Roblog: A (Potential) Robot in Your Pocket

While you might only use yours for playing Angry Birds, Vining and texting, your smart phone has incredible computing power that can actually be used in other impressive ways. Instead of high powered microcontrollers, expensive sensors or a complicated computer set up to control it, some robotics enthusiasts are harnessing the power of the cell phones they already own.

An army of cellbots made from different Android phones. | Photo courtesy Cellbots.
An army of cellbots made from different Android phones. | Photo courtesy of Cellbots.

Cellbots, whose tagline is “Using Cellphones as Robotic Control Platforms,” is a hobbyist group that aims “to free your cell phone from your pocket and let it connect and move with the real world.” The group’s website is filled with platform and software information, as well as guides on how to get started making your own robots. Phones are already powerful tools, and these hobbyists believe they can be even more. Cellbot’s website states:

“Cellbots aren’t just about using your phone to control a robot (which is cool too), but we aim on making your phone be the robot. It already has touch, hearing, speech, vibration, and many more senses, but needs legs (or wheels) to finally be the free roaming robot it was born to be.”

Cellbots robots and software make it possible for anyone to turn his/her cell phone into a robot. Some of the easiest to use robots are based on other robotics platforms. Starting with pre-made robots and then adding on technology is an easy way to make powerful robots. Made by the same company that makes the Roomba, the iRobot Create is a programmable robot that looks like a Roomba shell but has no vacuum inside. Using this robot, an Android phone, and the Cellbots open source code, you can make a roving robot that takes pictures or records audio through the cell phone. Lego Mindstorms, already popular as a stand-alone robot, can also be connected with cell phones. Cellbots has an app that lets you use a cell phone with the robot much like you’d use any normal sensor. The cell phone can be used for audio and video recording, as well as to act like a face or voice for the robot. The next generation robot from Lego, EV3, also promises its own apps to integrate phones with the robots.

For a more DIY experience, robots can be combined with Arduino boards to make custom robots.
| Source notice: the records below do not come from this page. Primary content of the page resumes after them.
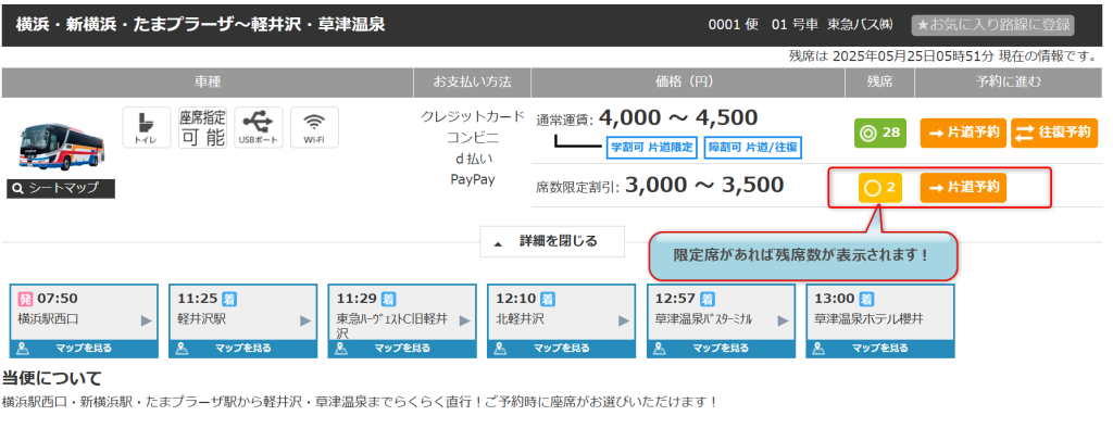 楽天トラベルでも高速バスの予約は可能ですが、この「限定4席」は発車オーライネット限定の取り扱いのようです。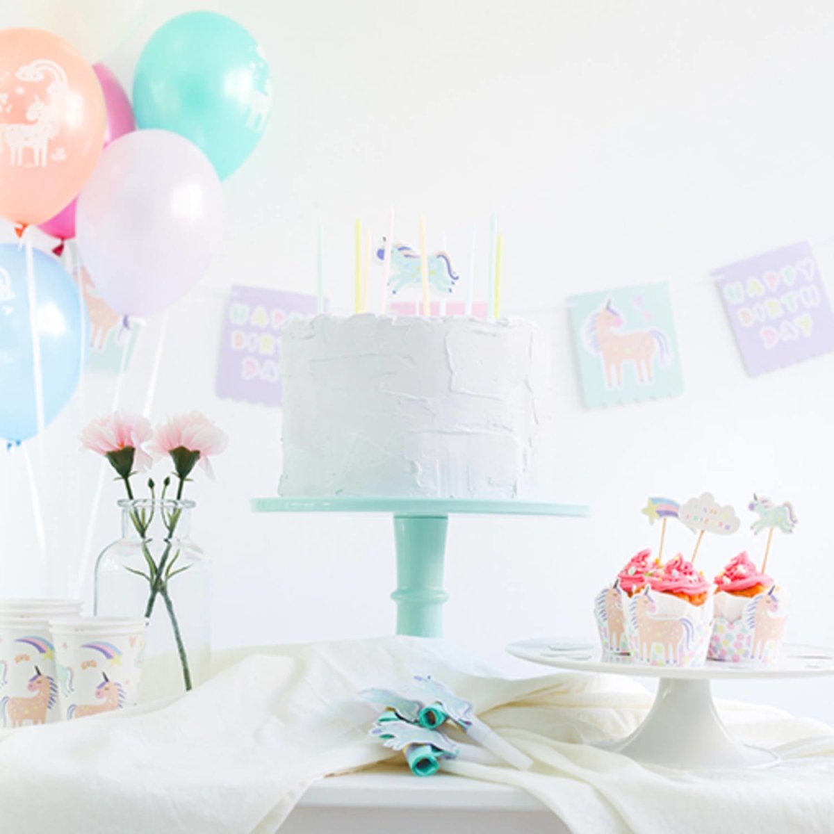Kaarsen Unicorns & Rainbows 10cm - 11 stuks. Inhoud: 11 kaarsen en 10 kaarsenhouders. Kleur: Meerkleurig. Bijvoorbeeld te gebruiken tijdens de volgende feestgelegenheid/feestgelegenheden: Kinderfeestje. Elke kaars is 10 cm lang. Het artikel is gemaakt van wax.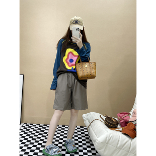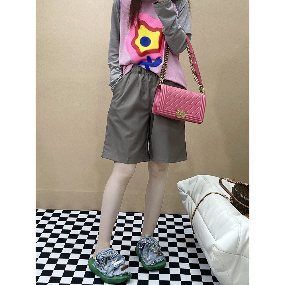 灰色短裤 高腰显瘦休闲宽松直筒裤 女夏季 新款 子 薄款 superxue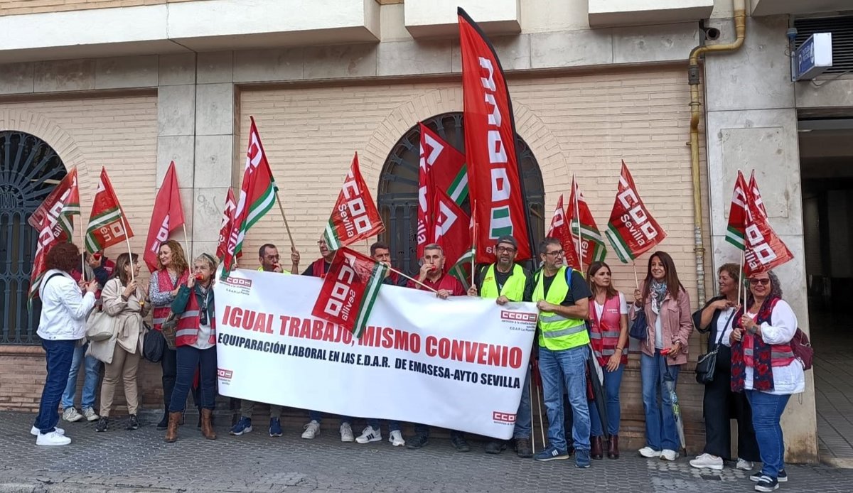 Los trabajadores de la UTE de la Estación Depuradora de Aguas Residuales (EDAR) de La Ranilla, junto al Sindicato Provincial de Servicios a la Ciudadanía de CCOO de Sevilla, se han concentrado este martes ante la sede de Emasesa para exigir la equiparación salarial de la plantilla respecto a otras instalaciones de la empresa municipal.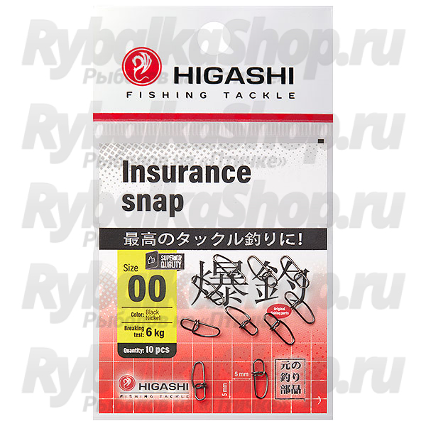 Название модели карабина Insurance в переводе означает "страховка". В названии производитель подчёркивает надёжность карабина. Простая классическая форма Higashi Insurance Snap гарантирует подвижность оснастки и крепкое соединение. Формируя размерную линейку этой серии, производитель старался учесть потребности широкого круга рыболовов.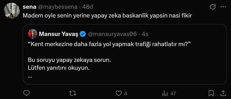 Somut bir adım göremeyen Ankaralılar, Yavaş'a tepkisini, "O zaman bırakın ChatGPT yönetsin belediyeyi Mansur Bey" ifadeleriyle dile getiriyor.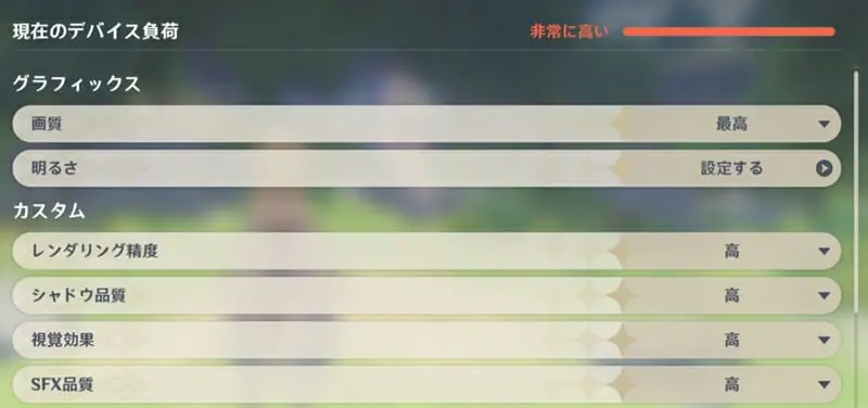 ▼画質設定を "高" に設定した場合、デバイス負荷は "非常に高い" となるが、ゲーム自体は比較的スムーズに遊ぶことが可能であった。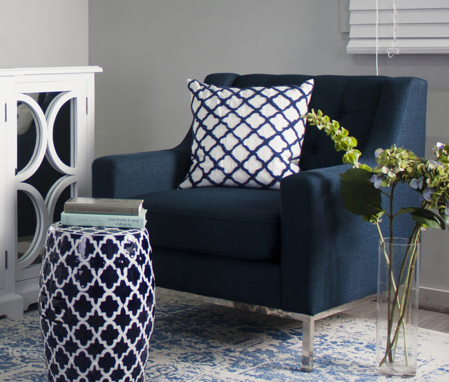 This embroidered cushion features a four leaf shaped pattern. Made of 60% feather 10% polyester & 30% cotton in colours of white & blue.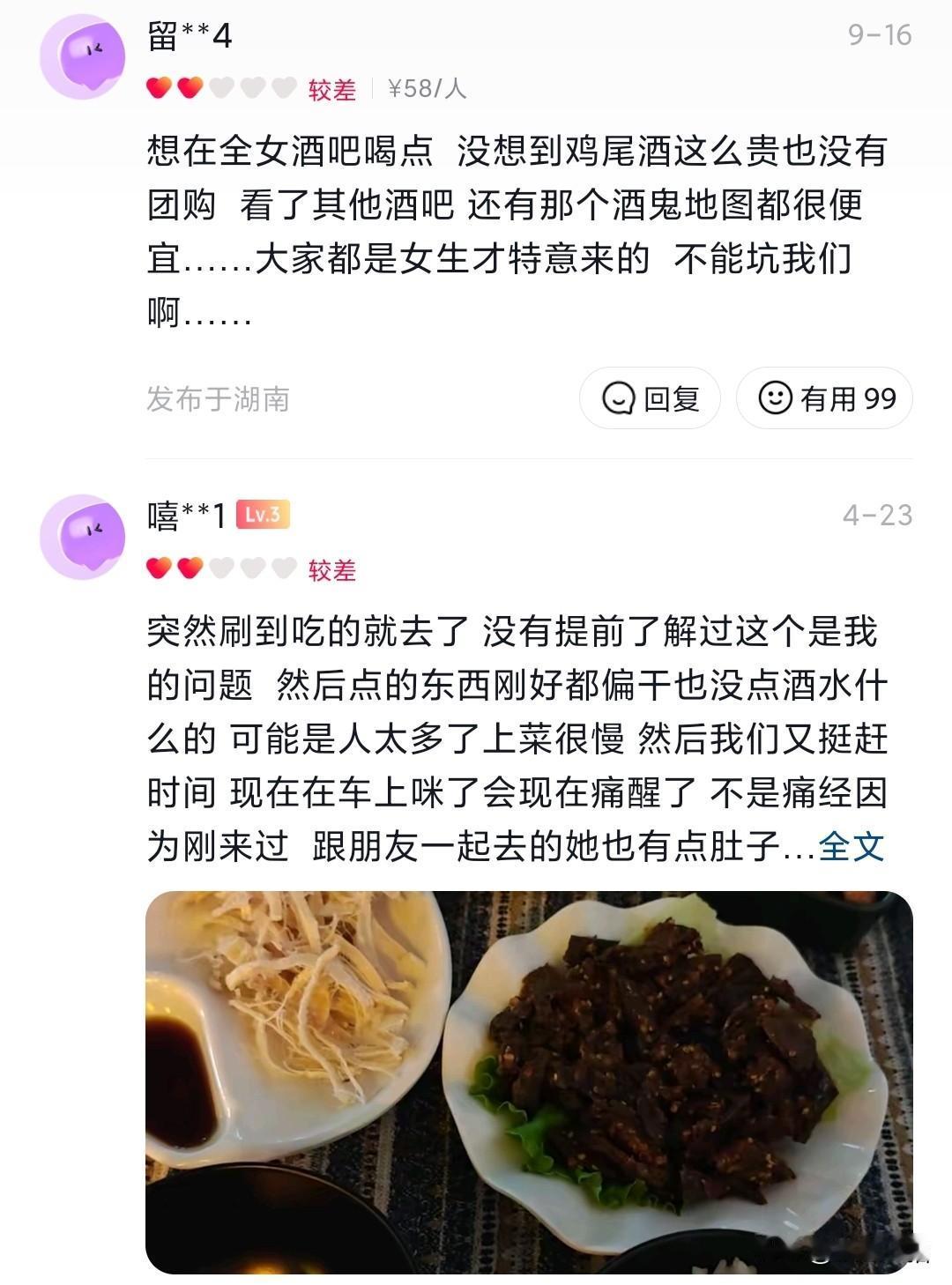 打着为女性好的名义,开全女餐馆,女生在后厨哐哐炒菜,每天要炒十几斤的菜,还必须在下午4点之前做完10个人的员工餐,但是做不完,根本做不完,想走不给她结算工资,压榨她人劳动力。 女生是长沙“她的酒馆·女生聚会空间”的后厨员工,对全女的工作氛围非常向往,刚来这里的时候很开心,后面客流量开始激增,后厨只有这个女生和另外一个配菜的。 她还要负责做凉菜、甜品,所有热菜的出餐,餐厅没人,还要一个人洗所有的碗筷,连回家的力气都没有了,工作量增加,工资却没怎么加,身体累出了病,赚的钱都不够医院花。 兢兢业业的为酒馆做炒菜,却一毛钱提成都没有,在饭馆工作期间,曾出现过鸡和鸡蛋被老鼠啃过的痕迹。 第一时间给老板反应,老板表示把老鼠啃过的扔掉,其他干净的继续用。 三家店光是后厨员工就有5人,同样都是后厨的员工,每天十几斤炒菜,又要做10个人的员工餐,这只能拿底薪,就连酒馆新来的后厨员工,工资都是自己的双倍,前脚刚走,就给后厨增加了菜品提成。 熬不完的夜,干不完的活,做不完的预制菜,超负荷的工作时长,和少的可怜的工资,本以为女生应该会更共情体谅女生,但是错了,除了累的一身病,其他的什么都没得到。 那个被她视作梦想的地方,却成为她的伤害。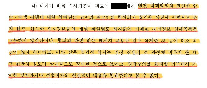 아쉬운 점은 압수수색에 있어 수사기관이 ① 참여권을 고지하지 않고(당연히 참여의사를 확인하지도 않았을 뿐더러), ② 압수수색한 파일의 목록을 교부하지 않고, ③ 혐의와 관련 없는 (그러나 무죄를 입증할 수 있는) 메시지 내용을 삭제한 것을 법원이 인정하게 하였지만 이를 토대로 무죄를 이끌어내지는 못했다는 점입니다.

The TruckBot, for example, is a popular robot in the Cellbots community. The parts list, plans and software are available free online. Built with under $50 in parts, the robot drives around, has GPS capabilities and uses text-to-speech talking. From the idea of this basic robot, people in the Cellbots community have made an army of robots, with everything from speech controlled robots to robo-tanks.

It’s not just hobbyists that are making phone robots. Some companies are harnessing the power of cell phones to make commercial robot toys. One of the most popular iPhone robots came to fame after a successful Kickstarter campaign and is now in its second version. Romo 2.0 is an adorable robot that “uses your iOS device as his brain.” After placing an iPhone onto Romo’s body and installing the application, you can use another phone or tablet to control its movements. Using the front facing camera, Romo has face recognition technology and can be “trained” to recognize its owner.

A less cute, more powerful robot, the Parrot AR.Drone 2.0 is a commercial quadrotor drone that uses the iPhone as controls. Available through Apple, the Parrot drone can take HD video and do flips, placing the power of surveillance in the hands of almost anyone. The technology is remarkably similar to the phone controlled military drone produced by the MIT Human Automation Lab (HAL). The HAL lab used the touch screen, sensors and high speed transfer ability of the iPhone to make controlling drones easier and more intuitive. The Parrot robot isn’t quite military caliber (and I’m unsure that anyone should be putting drones in the hands of the public anyway), but it puts drones on the market for a lot less than the phone-free competition.

Through DIY efforts to make awesome robots and companies taking advantage of the computing power already in our pockets, smart phone powered robots are a trend that will probably continue. It makes sense. Not only are they ubiquitous, smart phones are also quick, lightweight and pre-equipped with motion sensors, cameras, speakers and screens. By reusing existing technology, robots become more accessible and improve technology more quickly and easily than ever before.

Ashley Hansberry

Ashley Hansberry

Ashley Hansberry (CAS '14) is the Senior Editor at The Quad. She is a senior studying Computer Science and Linguistics who likes writing about robots, technology, and education. When she's not living in the computer science lab, you can find her wearing animal earrings or admiring puppies she sees on the street.